(1)
Residential
habilitation services are generally provided in the person's home, and
include assistance with acquisition, retention or improvement in skills related
to life safety and fire evacuation; to activities of daily living, such as
personal grooming and cleanliness, bed making and household chores, eating and
the preparation of food; and social and adaptive skills necessary to enable the
person to reside in a noninstitutional setting. These services are distinct
from any programming provided as day habilitation pursuant to paragraph (b)(2)
of this section, but will in some circumstances involve the person's
involvement in learning situations outside of the home. Allowable activities
include:
(i) Training in independent
performance of personal hygiene tasks such as appropriate toileting, bathing,
toothbrushing, hand and face washing, shaving, and use of deodorant and
mouthwash.
(ii) Training in
independent performance of self-care tasks such as eating and use of
appropriate dining utensils, dressing and use of grooming aids such as
hairbrushes, combs, nail clippers, razors, etc.
(iii) Training in independent performance of
general household chores such as meal preparation, routine shopping, laundry,
cleaning, and maintenance of an orderly environment.
(iv) Mobility training for maximum
independence in travel to and from work or activity center, community stores,
recreational sites, etc. It includes training in the use of public
transportation.
(v) Training to
maximize independence in personal health care such as regular medical and
dental appointments, basic first aid skills, self-medication, where
appropriate, and basic knowledge of proper nutritional habits.
(vi) Training to maximize personal financial
management such as recognition and counting skills, use of money for
over-the-counter purchases, and change making.
(vii) Training in appropriate social
behaviors which are normative in both the community and household settings such
as conducting oneself appropriately in restaurants, on public transportation
vehicles, in recreational facilities, and in stores and other public
places.
(viii) Training in the
performance of fire evacuation behaviors and other appropriate life safety
activities.
(ix) Providing
"hands-on" assistance with the person's physical dependency needs related to
the residential habilitation services to ensure health and safety and/or
attainment of personal objectives/goals.
(x) Necessary transportation (see Glossary
[Subpart 635-99 of this Title]). Further, effective July 1, 1996, the provider
of residential habilitation services in an individualized residential
alternative (IRA) shall be responsible for any necessary transportation to and
from physician, dentist, and other clinical services. Nothing herein shall be
interpreted as precluding the accessing of separate Medicaid claiming for
emergency/nonemergency ambulance services (as defined in 18 NYCRR 505.10)

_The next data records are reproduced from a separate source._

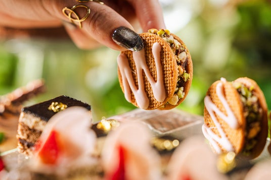 濃厚なチョコレートガナッシュをサクサク食感のクッキーでサンドし、側面にはヘーゼルナッツとピスタチオをあしらいました。ナッツの香ばしさとほどよい歯ごたえが、チョコレートのコクを引き立てます。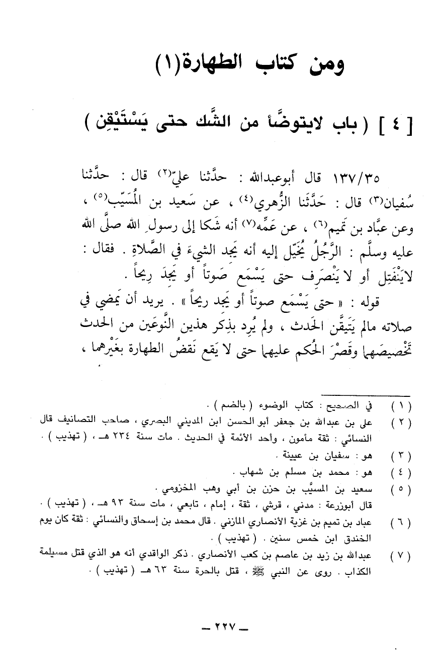 35/ 137 - قال أبو عبد الله: حدثنا علي قال: حدثنا سفيان قال: حدثنا الزهري، عن سعيد بن المسيب، وعن عباد بن تميم، عن عمه أنه شكا إلى رسول الله صلى الله عليه وسلم: الرجل يخيل إليه أنه يجد الشيء في الصلاة. فقال: لا ينفتل أو لا ينصرف حتى يسمع صوتا أو يجد ريحا.
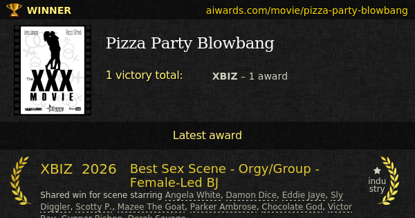 "Pizza Party Blowbang" (2025) is an awarded pornographic film created by Brazzers. Selected movie genre is group sex. Scene from this release with Angela White, Damon Dice, Eddie Jaye, Sly Diggler, Scotty P., Mazee The Goat, Parker Ambrose, Chocolate God, Victor Ray, Gunnar Bishop and Derek Savage won XBIZ "Best Sex Scene - Orgy/Group - Female-Led BJ" award.
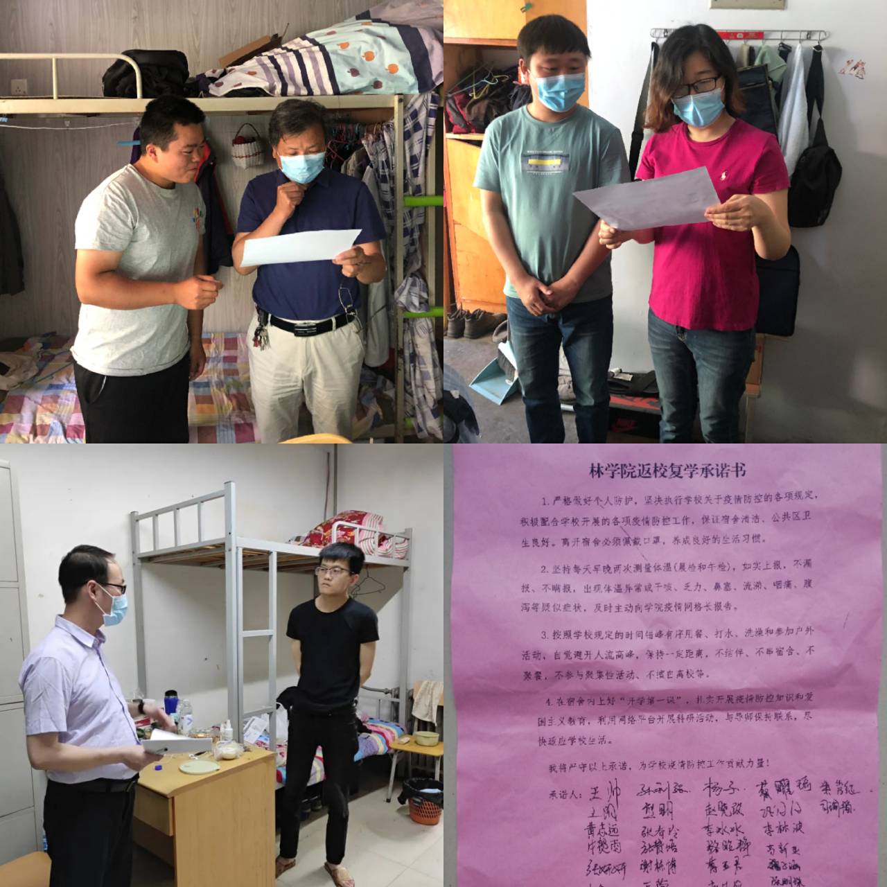 视频学习后,大家还观看了由巨乳a片 孔德政、彭万喜、闫东峰、顾海萍四位导师录制的温馨寄语,导师们的丝丝叮嘱和殷切关怀表达了对返校学子的热烈欢迎,并提醒大家保持清醒认识,坚守责任担当,坚持勤奋学习,树立报国之志。此外,研究生第二党支部书记孙利强发起《巨乳a片 返校复学学生承诺书》,全体返校学子纷纷签字承诺,并表示在校期间将自觉遵守疫情防控工作的各项安排,与学校齐心协力,共战疫情。当天,研究生导师和宿舍网格长还深入寝室,查看学生身体健康状况,与学生交流返校后的学习计划。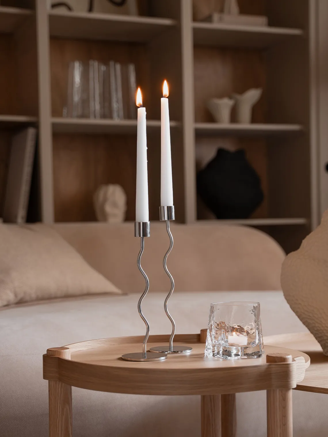 El candelabro toma la luz de la mecha encendida en su interior y la convierte en un hermoso patrón proyectado sobre la superficie en la que se encuentra. La inspiración para la forma proviene del tronco de los árboles. Desde el suelo, puedes ver el comienzo de las raíces antes de que se vuelvan más redondeadas más arriba. Gry, que significa amanecer en danés, tiene diferentes asociaciones de palabras, ya que también es un juego de la palabra gro, que significa crecer. – Diseñado por Tim Torp Hansen, Five Seven
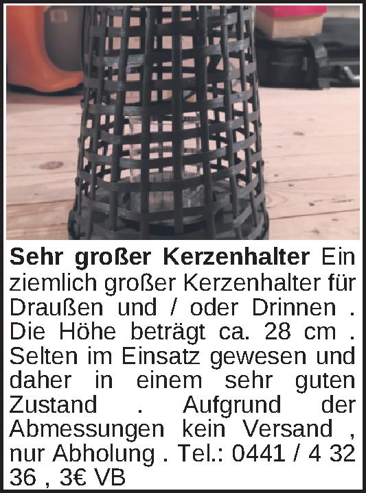 Ein ziemlich großer Kerzenhalter für Draußen und / oder Drinnen . Die Höhe beträgt ca. 28 cm . Selten im Einsatz gewesen und daher in einem sehr guten Zustand . Aufgrund der Abmessungen kein Versand , nur Abholung .Tel.: 0441 / 4 32 36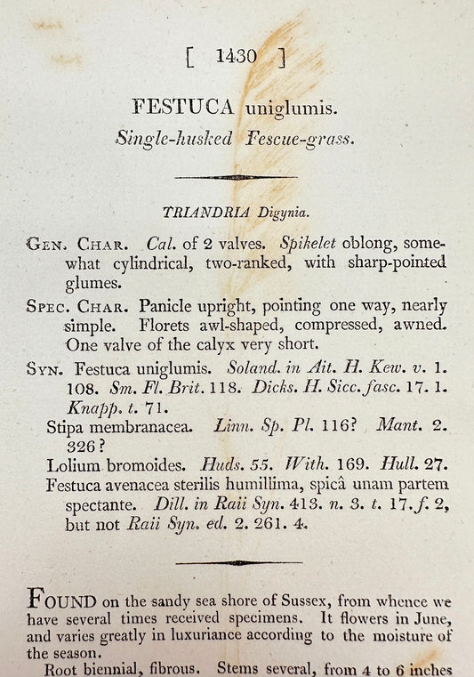 Antique Print - Sowerby - Festuca Uniglumis - Single-husked Fescue-grass - F1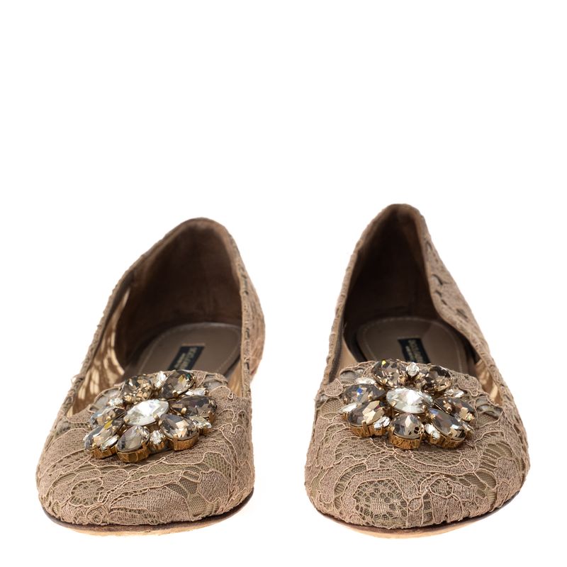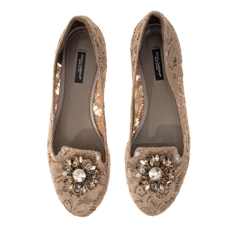Sapatilha Dolce & Gabbana Renda Bege e Pedrarias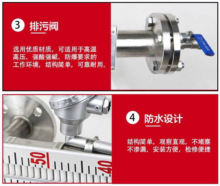 - 功能扩展性*:可方便地加装液位变送器(实现远传4-20mA信号)或液位开关(实现高低位报警),与PLC/DCS系统连接。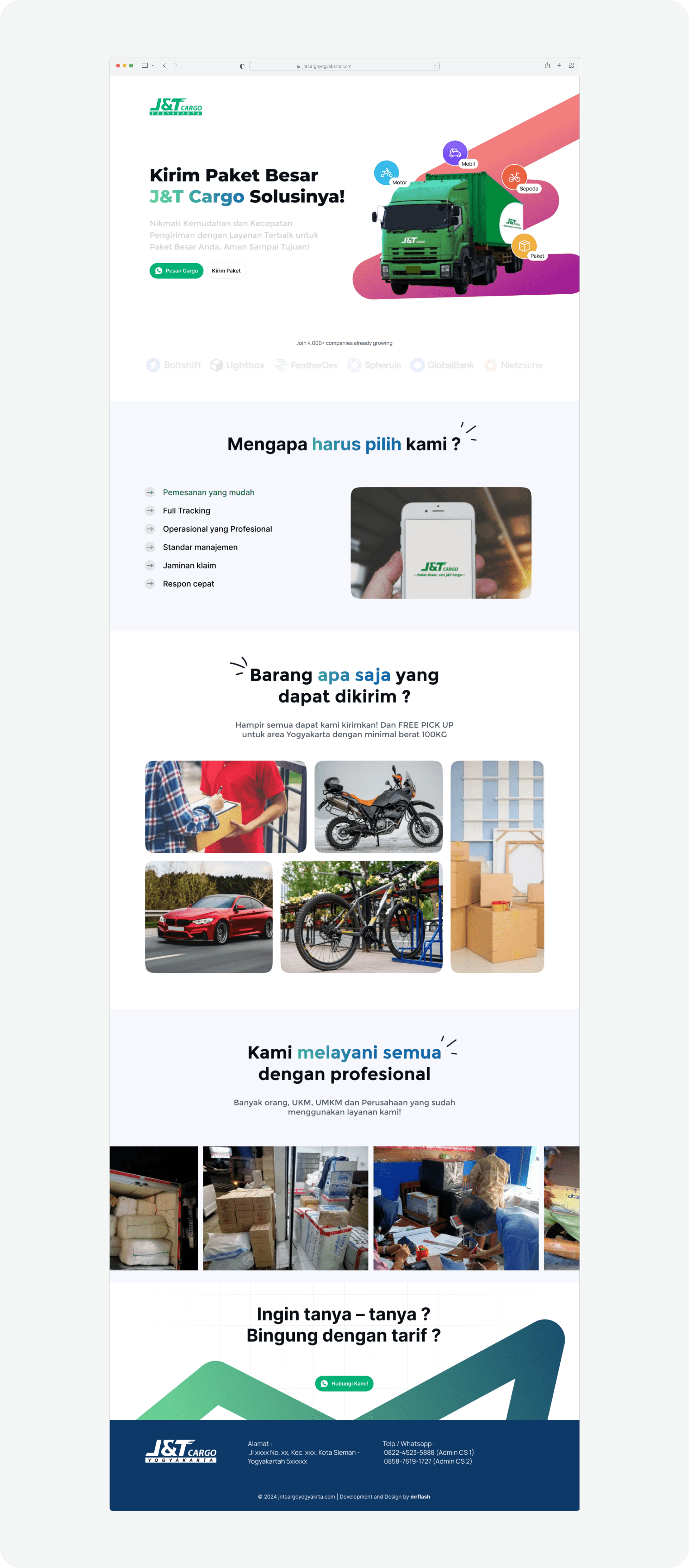JNT Cargo Yogyakarta is a clean and informative one-page landing site for J&T Cargo Yogyakarta, designed to promote large package shipping services quickly and clearly.

necessitated by the person's medical condition. It shall be the responsibility
of the residential habilitation services provider to:
(a) arrange for the use of public
transportation when appropriate;
(b) arrange special transportation to meet
the transportation needs of the individuals; and
(c) keep records which indicate the
transportation usage of each participant including whether it is claimed as
part of residential habilitation services or as Medicaid transportation as a
State plan service.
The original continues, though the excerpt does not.